ImProver: Agent-Based Automated Proof Optimization

Riyaz Ahuja,Jeremy Avigad,Prasad Tetali,Sean Welleck
2024-10-07
Abstract:Large language models (LLMs) have been used to generate formal proofs of mathematical theorems in proofs assistants such as Lean. However, we often want to optimize a formal proof with respect to various criteria, depending on its downstream use. For example, we may want a proof to adhere to a certain style, or to be readable, concise, or modularly structured. Having suitably optimized proofs is also important for learning tasks, especially since human-written proofs may not optimal for that purpose. To this end, we study a new problem of automated proof optimization: rewriting a proof so that it is correct and optimizes for an arbitrary criterion, such as length or readability. As a first method for automated proof optimization, we present ImProver, a large-language-model agent that rewrites proofs to optimize arbitrary user-defined metrics in Lean. We find that naively applying LLMs to proof optimization falls short, and we incorporate various improvements into ImProver, such as the use of symbolic Lean context in a novel Chain-of-States technique, as well as error-correction and retrieval. We test ImProver on rewriting real-world undergraduate, competition, and research-level mathematics theorems, finding that ImProver is capable of rewriting proofs so that they are substantially shorter, more modular, and more readable.
Artificial Intelligence,Computation and Language,Machine Learning,Logic in Computer Science
What problem does this paper attempt to address?

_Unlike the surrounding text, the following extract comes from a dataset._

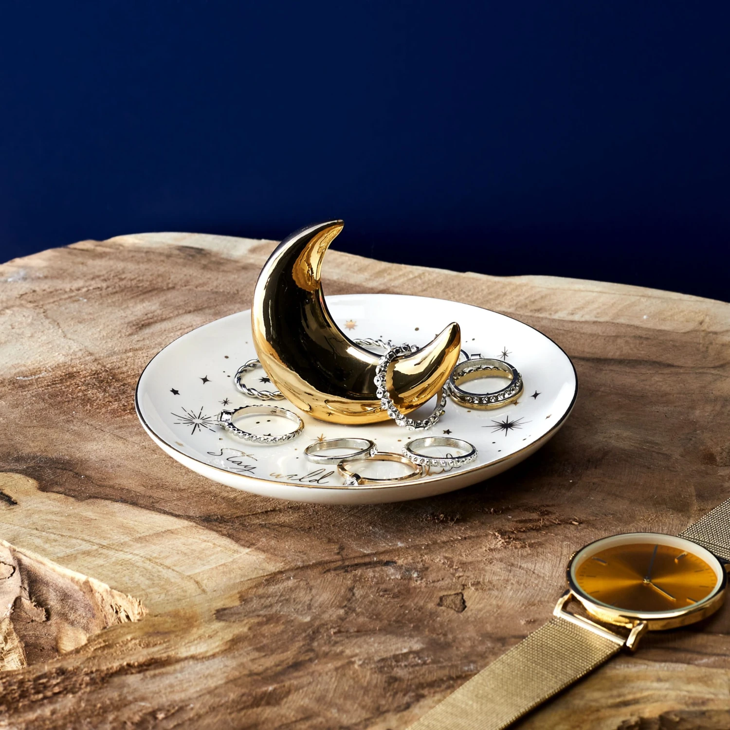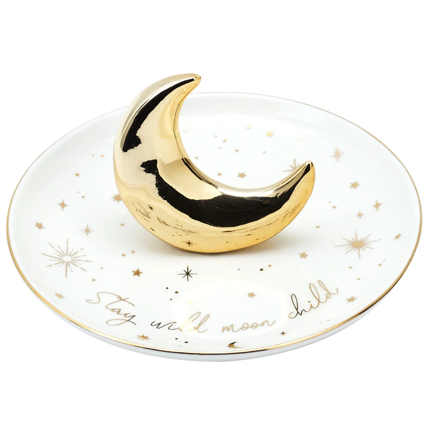 Ce porte-bagues You’re Magic est doté d’une lune dorée sur une assiette où vous ne perderez plus vos bagues !

The paper aims to address the problem of automated proof optimization, specifically by rewriting formal proofs of mathematical theorems to optimize specific criteria such as proof length or readability. The paper introduces the ImProver system, an agent based on large language models (LLM) that can rewrite proofs in the formal proof assistant tool Lean to optimize any user-defined metrics. The study found that directly applying large language models for proof optimization was ineffective, so the paper proposes a series of improvements, including: 1. **Chain-of-States Prompting**: Utilizing Lean's metaprogramming techniques to annotate intermediate states before each step, helping the model better understand intermediate goals and assumptions in the proof process. 2. **Output Format Adjustment**: Introducing different output formats, such as lists and tree structures, to generate more structured proofs. 3. **Sampling Method Improvement**: Introducing various sampling methods, such as best-of-n sampling and iterative improvement, to enhance the quality of generated proofs. 4. **Retrieval Enhancement**: Using Maximum Marginal Relevance (MMR) retrieval techniques to extract relevant information from existing databases for generating more accurate prompts. Experiments conducted on actual undergraduate theorems, competition problems, and research-level mathematical theorems showed that ImProver significantly outperformed the baseline GPT-4 model in optimizing proof length and readability. Additionally, the paper conducted ablation tests to verify the effectiveness of each component and derived the best parameter combinations. Overall, ImProver effectively optimizes mathematical proofs of various difficulty levels.